Zdobyte szczyty
Zdobyte szczyty
Łysica - Góry Świętokrzyskie (612 m), Tarnica - Bieszczady (1346 m), Lackowa - Beskid Niski (997 m), Radziejowa (1262 m), Wysoka - Pieniny (1050 m), Lubomir - Beskid Makowski (904 m), Turbacz - Gorce (1310 m), Mogielica - Beskid Wyspowy (1170 m), Czupel - Beskid Mały (933 m), Skrzyczne - Beskid Śląski 1257 m); Biskupia Kopa - Góry Opawskie (889 m).
Po zdobyciu w czwartek Czupla i Skrzycznego (patrz ramka pod zdjęciem), wczoraj bydgoscy podróżnicy przejechali kolejne kilometry podczas trwającej już tydzień wyprawy.

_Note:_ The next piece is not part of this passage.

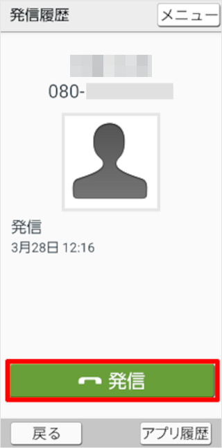 かけたい履歴に表示された[発信]をタップします。

- Skrzyczne zdobyliśmy wieczorem w czwartek - mówi Darek. - Trasa była bardzo trudna, pionowa, bo niebieski szlak, którym szliśmy, dwukrotnie przecina trasę narciarską i jest najzwyczajniej stromo. Szliśmy 3 godziny po ciemku, w schronisku zjedliśmy coś ciepłego i po 23 zameldowaliśmy się przy samochodzie. Po ok. 100 kilometrach jazdy w Góry Opawskie spędziliśmy noc w aucie i w piątek już bez większych problemów zaliczyliśmy do południa Biskupią Kopę. Jest tu ładna wieża widokowa, niestety, w tym okresie zamknięta. Jesteśmy teraz w drodze (rozmawialiśmy ok. 16.00 - red.) na Góry Bardzkie i Bialskie, gdzie czekają na nas Góra Kłodzka, Rudawiec i Kowadło. Drugie podejście ma ponad 8 kilometrów, więc zobaczymy jak nam pójdzie, bo w sobotę chcielibyśmy podjechać po południu pod Masyw Śnieżnika, gdzie najwyższym szczytem jest Śnieżnik Kłodzki. Noc z piątku na sobotę spędzimy w namiocie lub samochodzie.
- Jak z pogodą w Tatrach, gdzie czekają na was "opuszczone" na razie Rysy? - Nie śledzimy teraz na bieżąco pogody. Nie ma sensu teraz wracać. Robimy dalej wszystko według planu, a za dwa, trzy dni zastanowimy się co zrobić.